• _Data excerpts_
::::
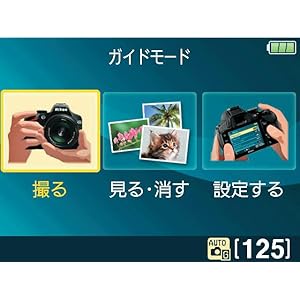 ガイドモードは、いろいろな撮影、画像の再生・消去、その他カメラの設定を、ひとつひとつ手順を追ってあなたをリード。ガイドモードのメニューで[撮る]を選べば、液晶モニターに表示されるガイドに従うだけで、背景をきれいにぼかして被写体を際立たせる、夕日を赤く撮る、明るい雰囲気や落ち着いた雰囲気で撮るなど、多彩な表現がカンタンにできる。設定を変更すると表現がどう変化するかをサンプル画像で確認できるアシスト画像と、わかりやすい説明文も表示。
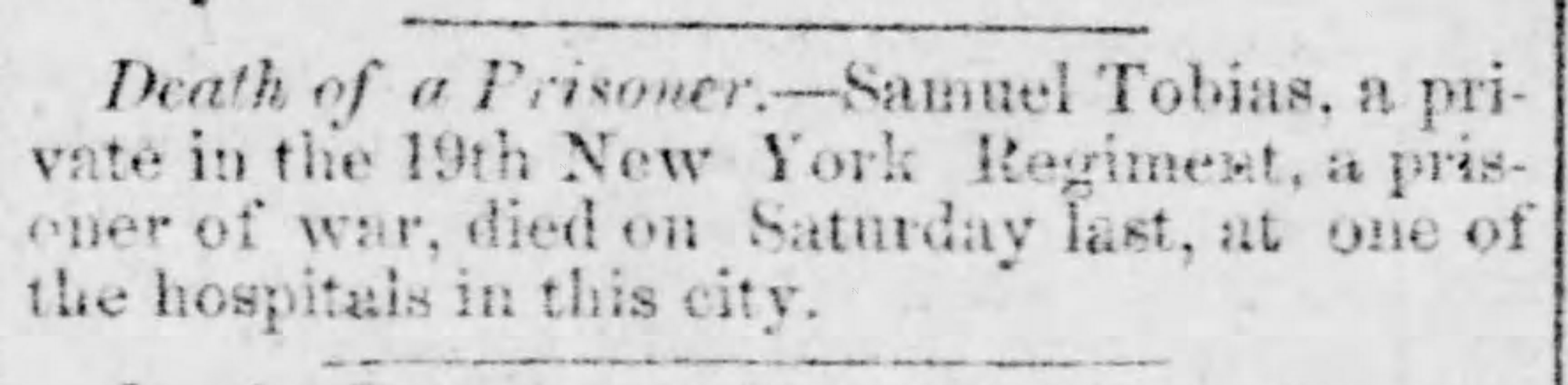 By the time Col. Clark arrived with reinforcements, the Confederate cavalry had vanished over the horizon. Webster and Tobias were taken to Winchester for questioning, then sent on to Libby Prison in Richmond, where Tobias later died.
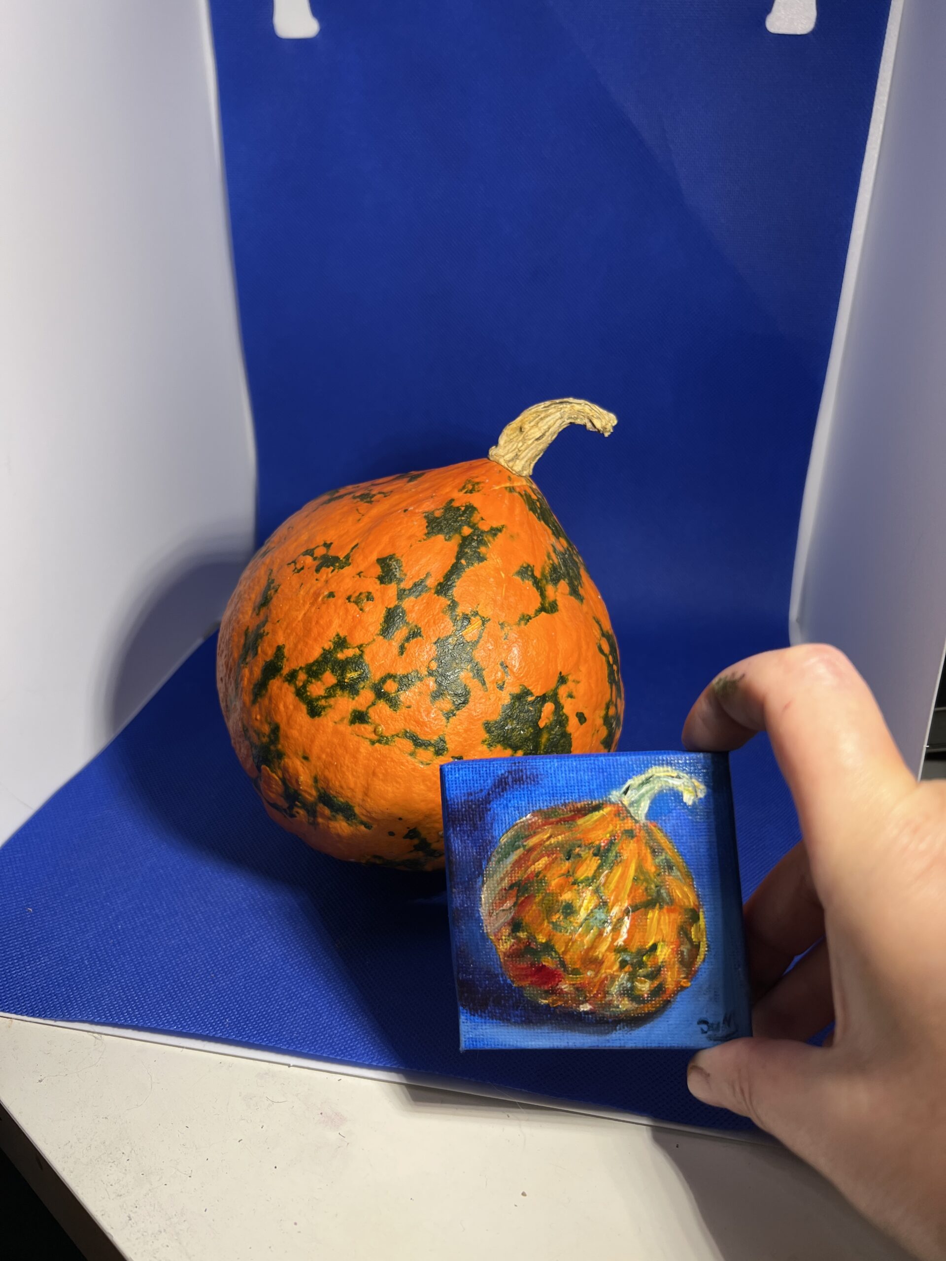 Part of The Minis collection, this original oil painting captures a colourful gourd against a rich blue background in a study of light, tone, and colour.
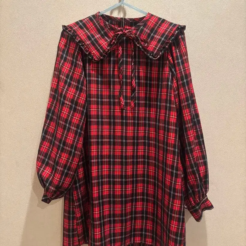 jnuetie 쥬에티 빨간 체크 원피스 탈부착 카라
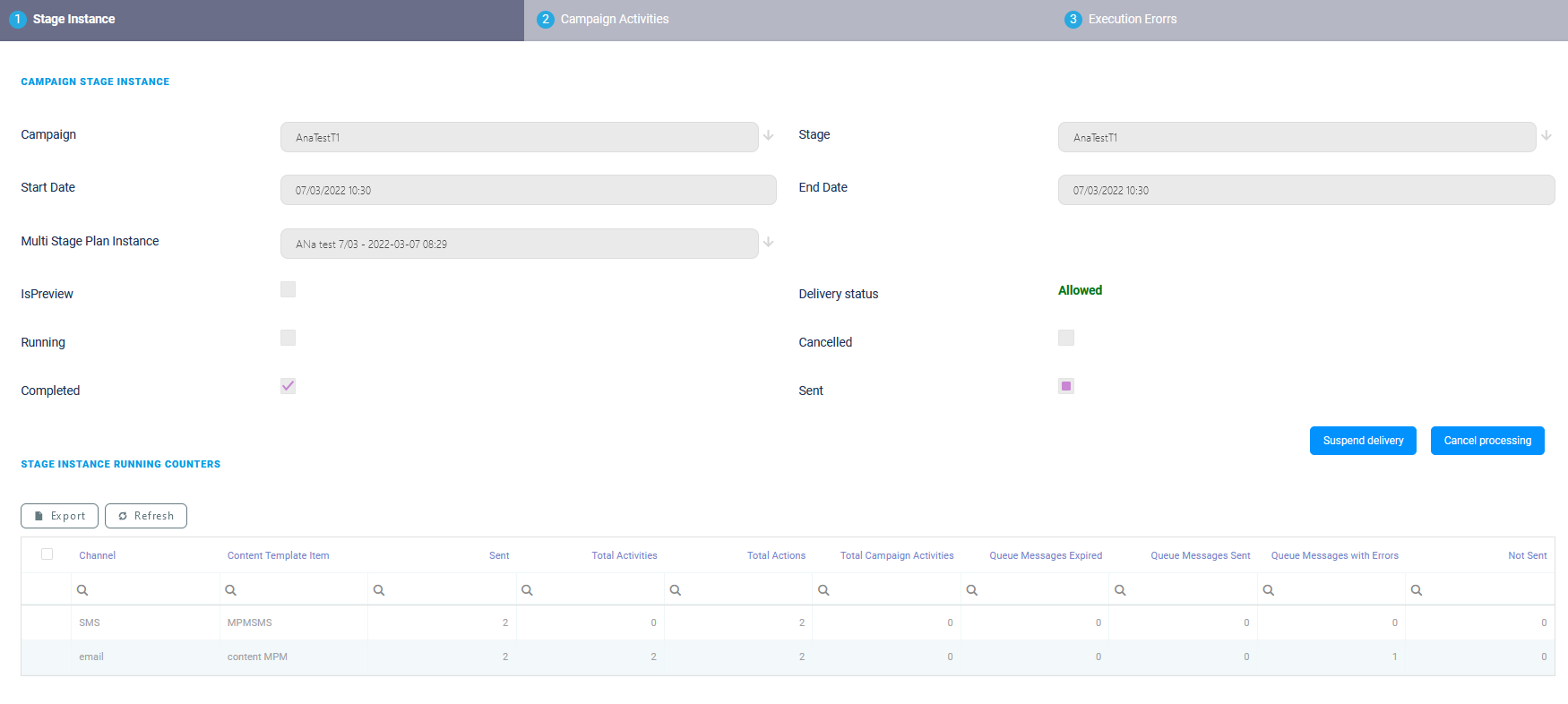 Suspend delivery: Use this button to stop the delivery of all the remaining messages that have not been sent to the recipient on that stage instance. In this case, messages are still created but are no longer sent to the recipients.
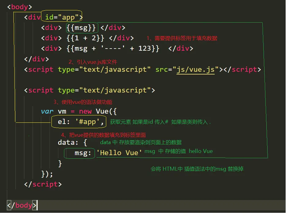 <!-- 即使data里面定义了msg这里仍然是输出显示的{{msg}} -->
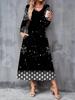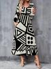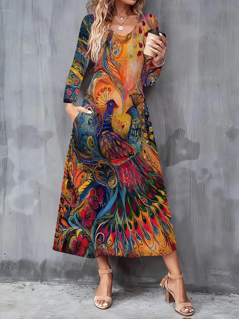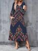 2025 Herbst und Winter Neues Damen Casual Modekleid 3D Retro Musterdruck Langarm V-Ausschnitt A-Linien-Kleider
::::
• _TASK TO CARRY OUT_
Output all of the data exactly. Skip the pictures.

• _ANSWER TO THE EXERCISE_
 ガイドモードは、いろいろな撮影、画像の再生・消去、その他カメラの設定を、ひとつひとつ手順を追ってあなたをリード。ガイドモードのメニューで[撮る]を選べば、液晶モニターに表示されるガイドに従うだけで、背景をきれいにぼかして被写体を際立たせる、夕日を赤く撮る、明るい雰囲気や落ち着いた雰囲気で撮るなど、多彩な表現がカンタンにできる。設定を変更すると表現がどう変化するかをサンプル画像で確認できるアシスト画像と、わかりやすい説明文も表示。
 By the time Col. Clark arrived with reinforcements, the Confederate cavalry had vanished over the horizon. Webster and Tobias were taken to Winchester for questioning, then sent on to Libby Prison in Richmond, where Tobias later died.
 Part of The Minis collection, this original oil painting captures a colourful gourd against a rich blue background in a study of light, tone, and colour.
 jnuetie 쥬에티 빨간 체크 원피스 탈부착 카라
 Suspend delivery: Use this button to stop the delivery of all the remaining messages that have not been sent to the recipient on that stage instance. In this case, messages are still created but are no longer sent to the recipients.
 <!-- 即使data里面定义了msg这里仍然是输出显示的{{msg}} -->
 2025 Herbst und Winter Neues Damen Casual Modekleid 3D Retro Musterdruck Langarm V-Ausschnitt A-Linien-Kleider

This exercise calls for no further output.